Problem details:
Would you write out the entries that follow word for word, omitting any images?
-- Provided material follows --
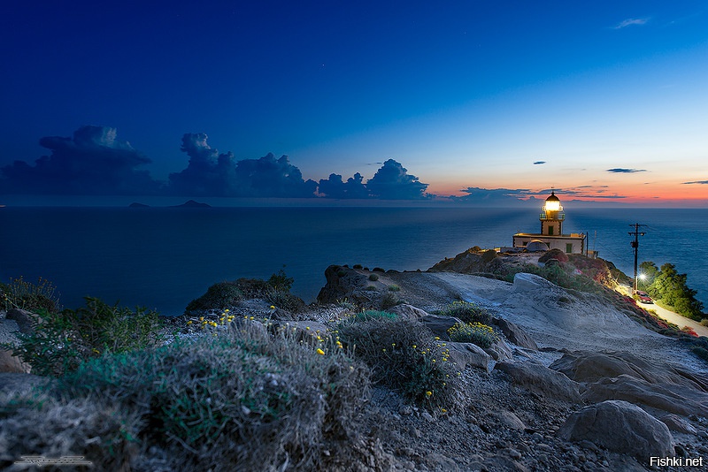 Самая западная точка острова Санторин(Греция) и, практически, самая южная. Судя по количеству посетителей, даже в красивый закат тут можно встретить два-три человека. А небо не только не хуже, даже лучше заката в Ие, к тому же, с видом на кальдеру. Удачно то, что маяк начинает работать минут за 15 до начала заката...
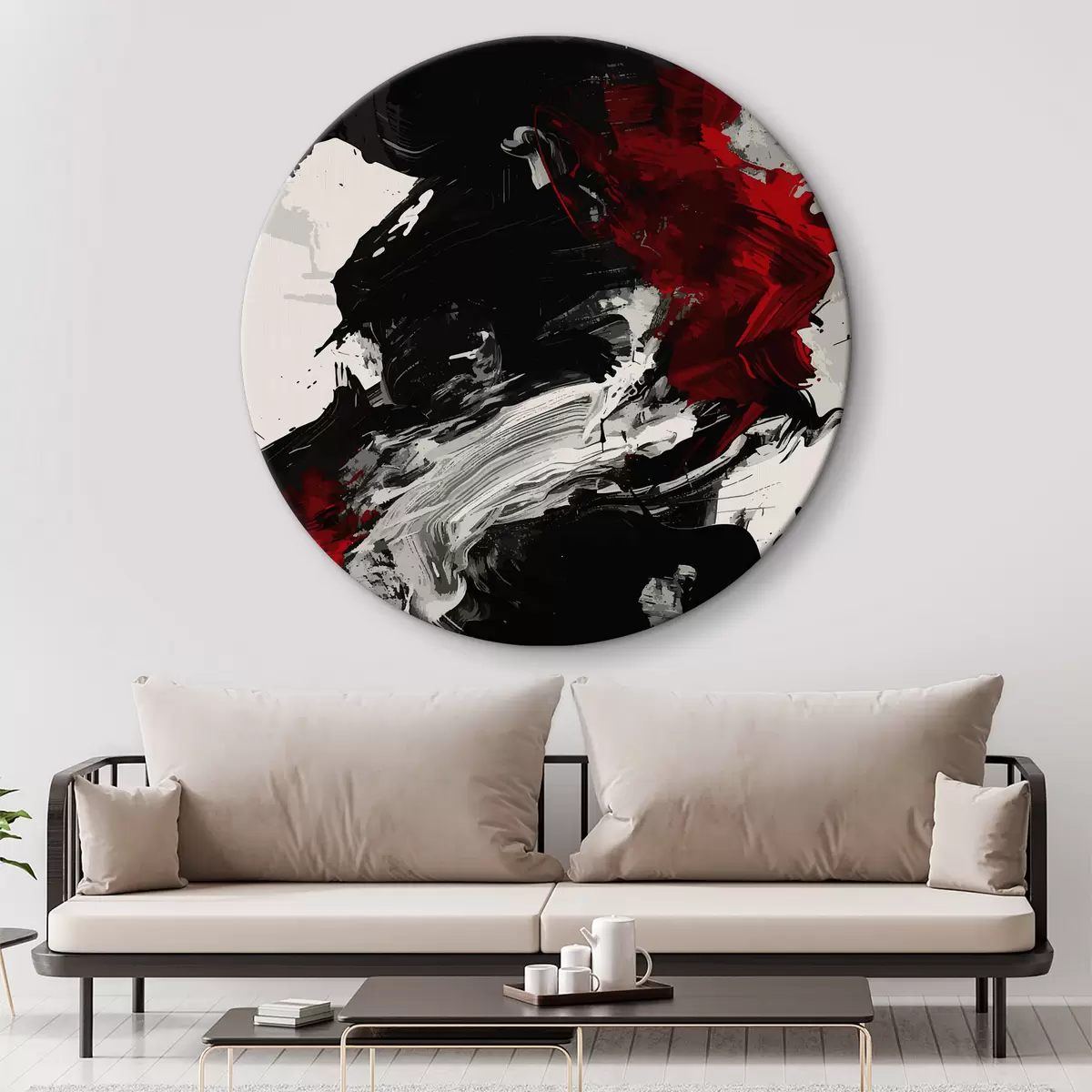 Tableaux rondes Abstraction noire et rouge Nr r38550
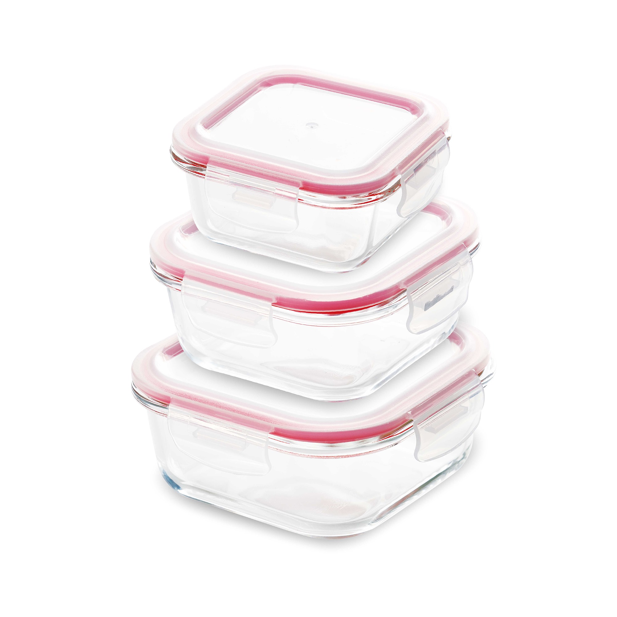 Set 3 fiambreras hermeticas cuadradas Bergner Walking anywhere de borosilicato en color rojo – Q4052
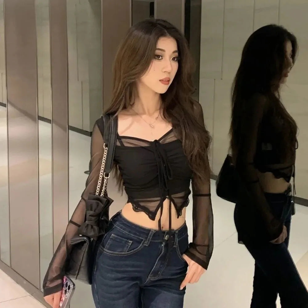 Discover the dynamic duo that captures the spirit of Y2K with modern elegance: Our fitted blouse and short top in red. The form-fitting silhouette and crop top style evoke a bygone era while boldly hugging the curves, adding a contemporary touch. The sensual blouse made of sheer red fabric showcases a daring romance with long, slender sleeves that demand attention and admiration. The delicately gathered fabric draws the eye to the bust, creating a play of texture that flatters your figure. Accented with a delicate lace trim at the hem, this piece effortlessly adds a dose of femininity to your wardrobe. The front closure with its neatly aligned buttons offers both function and style, allowing you to adjust your look as you please. Whether you're at the office or out in the city, this blouse with the integrated short top announces a sophisticated outfit that is sure to turn heads. Perfect for lovers of alternative fashion who desire a touch of sensuality in their daily attire, this blouse duo
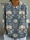 Women's Ethnic Geometric Print V-neck Cotton and Linen Top
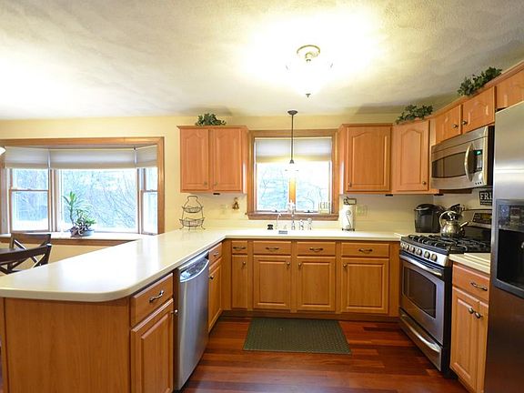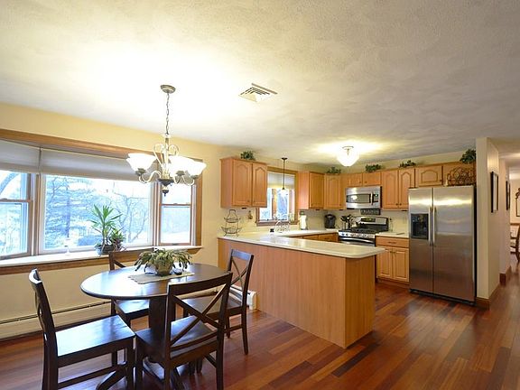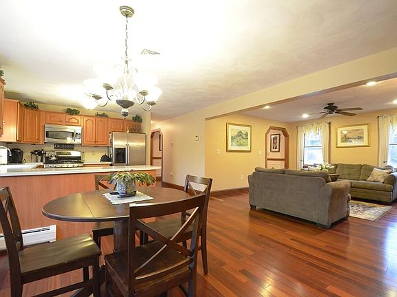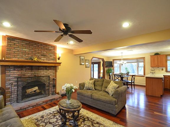 Step in and admire the craftsmanship! Beautiful Brazilian Hardwood Floors throughout the first floor set the tone! The Living Room w/Beautiful fireplace pours into the Eat-In Kitchen featuring Bay Window & Stainless Steel Appliances! Next Step into the Family Room w/Tons of Natural Light, Sky Lights, Recessed Lighting, & Access to the 2 Level Deck! Master Bedroom Suite features Walk-In Closet & Master Bathroom w/Built in Bench & Shower features steam & jets! Guest Bathroom features large linen closet & Oversized Jacuzzi Tub w/seamless glass doors & ceramic tile. 3 additional bedrooms w/wall to wall carpet & ample closet space complete level 2! Still need some more space? This home has it w/Bonus room in the basement & expansive storage space! It does not stop there step outside & admire the Man made Pond w/Waterfall, Stone Patio, Oversized 2 Car Garage, Plenty of Parking, Large Storage Shed, & Sprinkler System! Close to Route 3, 495 &128!! Make Your Appointment Today
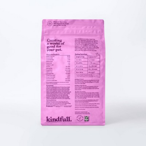 Important Note for Our Valued Customers: To offer you the best prices with free shipping, we occasionally experience shipping delays. If this happens, we’ll notify you immediately, issue a full refund, and invite you to place a new order at your convenience. To keep costs low, we sometimes reuse branded packaging boxes for shipments—we appreciate your understanding if you receive your order in repurposed packaging. Rest assured, all products we sell are 100% brand new, unopened, and freshly manufactured, including pet food and human-grade items, with a minimum 8-month shelf life remaining. If any issues arise, please contact us first—we’re committed to resolving them quickly. If you’re not completely satisfied, we offer a full refund with no hassle. Thank you for your trust and support! Description Kindfull™ Lamb & Brown Rice Recipe Dry Dog Food is made with real pasture-raised lamb as the first ingredient and contains high-quality protein to help support lean muscles. This formula is a source of glucosamine and chondroitin, as well as omega-3 fatty acids for healthy skin and coat. This formula also helps support healthy muscles and bones and contains whole grains. When introducing a new diet to your pet, please transition over 7 days as indicated. Food intake requirements vary depending on age, activity and environment, and should be adjusted accordingly to maintain optimum body condition. Our mission is to make mealtime, playtime, nap time, and all the time in between, the very best for the life of your pet. That’s why every one of our products is thoughtfully crafted to support pet wellness, well-being and happiness. We’ll never stop looking for ways to make pets’ lives better— because they deserve nothing less. Creating a world of good for your pet. Satisfaction guaranteed. highlights Veterinarian-Guided Nutrition: Developed by pet food experts with nutrition guidance from a veterinarian Real pasture-raised lamb is the first ingredient No by-product meals, wheat, corn or soy Natural dog food with added vitamins, minerals & other trace nutrients No artificial flavors, colors or preservatives Made in the U.S.A. with ingredients from around the world Amount : % Daily Value* Crude Protein (Min) 23% Crude Fat (Min) 15% Crude Fiber (Max) 5% Moisture (Max) 10% Calcium (Ca) (Min) 1.2% Phosphorus (P) (Min) 1% Zinc (Min) 100mg/kg Selenium (Min) 0.35mg/kg Vitamin A (Min) 5000IU/Kg Vitamin E (Min) 50IU/Kg L-Carnitine (Min) 100mg/kg Omega-6 Fatty Acids (Min) 2.5% Omega-3 Fatty Acids (Min) 0.25% Glucosamine (Min) 300mg/kg Chondroitin Sulfate (Min) 250mg/kg * Percentage of Daily Values are based on a 2,000 calorie diet. Ingredients: lamb, lamb meal, brown rice, brewers rice, pea protein, dried peas, rice bran, chicken fat (preserved with mixed tocopherols), flaxseeds, dried plain beet pulp, natural flavor, potato protein, salt, fish oil, sunflower oil, dried egg product, l-threonine, dried carrots, dried sweet potatoes, choline chloride, dicalcium phosphate, dl-methionine, potassium chloride, taurine, calcium carbonate, dried blueberries, dried cranberries, citric acid (preservative), mixed tocopherols (preservative), iron amino acid complex, zinc amino acid complex, vitamin e supplement, ferrous sulfate, yucca schidigera extract, l-carnitine, zinc oxide, copper amino acid complex, copper sulfate, sodium selenite, manganese amino acid complex, vitamin a supplement, niacin supplement, d-calcium pantothenate, riboflavin supplement, manganous oxide, thiamine mononitrate, l-tryptophan, vitamin d3 supplement, vitamin b12 supplement, pyridoxine hydrochloride, biotin, calcium iodate, folic acid, rosemary extract.
-- Provided material concluded --
Response to this exercise:
 Самая западная точка острова Санторин(Греция) и, практически, самая южная. Судя по количеству посетителей, даже в красивый закат тут можно встретить два-три человека. А небо не только не хуже, даже лучше заката в Ие, к тому же, с видом на кальдеру. Удачно то, что маяк начинает работать минут за 15 до начала заката...
 Tableaux rondes Abstraction noire et rouge Nr r38550
 Set 3 fiambreras hermeticas cuadradas Bergner Walking anywhere de borosilicato en color rojo – Q4052
 Discover the dynamic duo that captures the spirit of Y2K with modern elegance: Our fitted blouse and short top in red. The form-fitting silhouette and crop top style evoke a bygone era while boldly hugging the curves, adding a contemporary touch. The sensual blouse made of sheer red fabric showcases a daring romance with long, slender sleeves that demand attention and admiration. The delicately gathered fabric draws the eye to the bust, creating a play of texture that flatters your figure. Accented with a delicate lace trim at the hem, this piece effortlessly adds a dose of femininity to your wardrobe. The front closure with its neatly aligned buttons offers both function and style, allowing you to adjust your look as you please. Whether you're at the office or out in the city, this blouse with the integrated short top announces a sophisticated outfit that is sure to turn heads. Perfect for lovers of alternative fashion who desire a touch of sensuality in their daily attire, this blouse duo
 Women's Ethnic Geometric Print V-neck Cotton and Linen Top
 Step in and admire the craftsmanship! Beautiful Brazilian Hardwood Floors throughout the first floor set the tone! The Living Room w/Beautiful fireplace pours into the Eat-In Kitchen featuring Bay Window & Stainless Steel Appliances! Next Step into the Family Room w/Tons of Natural Light, Sky Lights, Recessed Lighting, & Access to the 2 Level Deck! Master Bedroom Suite features Walk-In Closet & Master Bathroom w/Built in Bench & Shower features steam & jets! Guest Bathroom features large linen closet & Oversized Jacuzzi Tub w/seamless glass doors & ceramic tile. 3 additional bedrooms w/wall to wall carpet & ample closet space complete level 2! Still need some more space? This home has it w/Bonus room in the basement & expansive storage space! It does not stop there step outside & admire the Man made Pond w/Waterfall, Stone Patio, Oversized 2 Car Garage, Plenty of Parking, Large Storage Shed, & Sprinkler System! Close to Route 3, 495 &128!! Make Your Appointment Today
 Important Note for Our Valued Customers: To offer you the best prices with free shipping, we occasionally experience shipping delays. If this happens, we’ll notify you immediately, issue a full refund, and invite you to place a new order at your convenience. To keep costs low, we sometimes reuse branded packaging boxes for shipments—we appreciate your understanding if you receive your order in repurposed packaging. Rest assured, all products we sell are 100% brand new, unopened, and freshly manufactured, including pet food and human-grade items, with a minimum 8-month shelf life remaining. If any issues arise, please contact us first—we’re committed to resolving them quickly. If you’re not completely satisfied, we offer a full refund with no hassle. Thank you for your trust and support! Description Kindfull™ Lamb & Brown Rice Recipe Dry Dog Food is made with real pasture-raised lamb as the first ingredient and contains high-quality protein to help support lean muscles. This formula is a source of glucosamine and chondroitin, as well as omega-3 fatty acids for healthy skin and coat. This formula also helps support healthy muscles and bones and contains whole grains. When introducing a new diet to your pet, please transition over 7 days as indicated. Food intake requirements vary depending on age, activity and environment, and should be adjusted accordingly to maintain optimum body condition. Our mission is to make mealtime, playtime, nap time, and all the time in between, the very best for the life of your pet. That’s why every one of our products is thoughtfully crafted to support pet wellness, well-being and happiness. We’ll never stop looking for ways to make pets’ lives better— because they deserve nothing less. Creating a world of good for your pet. Satisfaction guaranteed. highlights Veterinarian-Guided Nutrition: Developed by pet food experts with nutrition guidance from a veterinarian Real pasture-raised lamb is the first ingredient No by-product meals, wheat, corn or soy Natural dog food with added vitamins, minerals & other trace nutrients No artificial flavors, colors or preservatives Made in the U.S.A. with ingredients from around the world Amount : % Daily Value* Crude Protein (Min) 23% Crude Fat (Min) 15% Crude Fiber (Max) 5% Moisture (Max) 10% Calcium (Ca) (Min) 1.2% Phosphorus (P) (Min) 1% Zinc (Min) 100mg/kg Selenium (Min) 0.35mg/kg Vitamin A (Min) 5000IU/Kg Vitamin E (Min) 50IU/Kg L-Carnitine (Min) 100mg/kg Omega-6 Fatty Acids (Min) 2.5% Omega-3 Fatty Acids (Min) 0.25% Glucosamine (Min) 300mg/kg Chondroitin Sulfate (Min) 250mg/kg * Percentage of Daily Values are based on a 2,000 calorie diet. Ingredients: lamb, lamb meal, brown rice, brewers rice, pea protein, dried peas, rice bran, chicken fat (preserved with mixed tocopherols), flaxseeds, dried plain beet pulp, natural flavor, potato protein, salt, fish oil, sunflower oil, dried egg product, l-threonine, dried carrots, dried sweet potatoes, choline chloride, dicalcium phosphate, dl-methionine, potassium chloride, taurine, calcium carbonate, dried blueberries, dried cranberries, citric acid (preservative), mixed tocopherols (preservative), iron amino acid complex, zinc amino acid complex, vitamin e supplement, ferrous sulfate, yucca schidigera extract, l-carnitine, zinc oxide, copper amino acid complex, copper sulfate, sodium selenite, manganese amino acid complex, vitamin a supplement, niacin supplement, d-calcium pantothenate, riboflavin supplement, manganous oxide, thiamine mononitrate, l-tryptophan, vitamin d3 supplement, vitamin b12 supplement, pyridoxine hydrochloride, biotin, calcium iodate, folic acid, rosemary extract.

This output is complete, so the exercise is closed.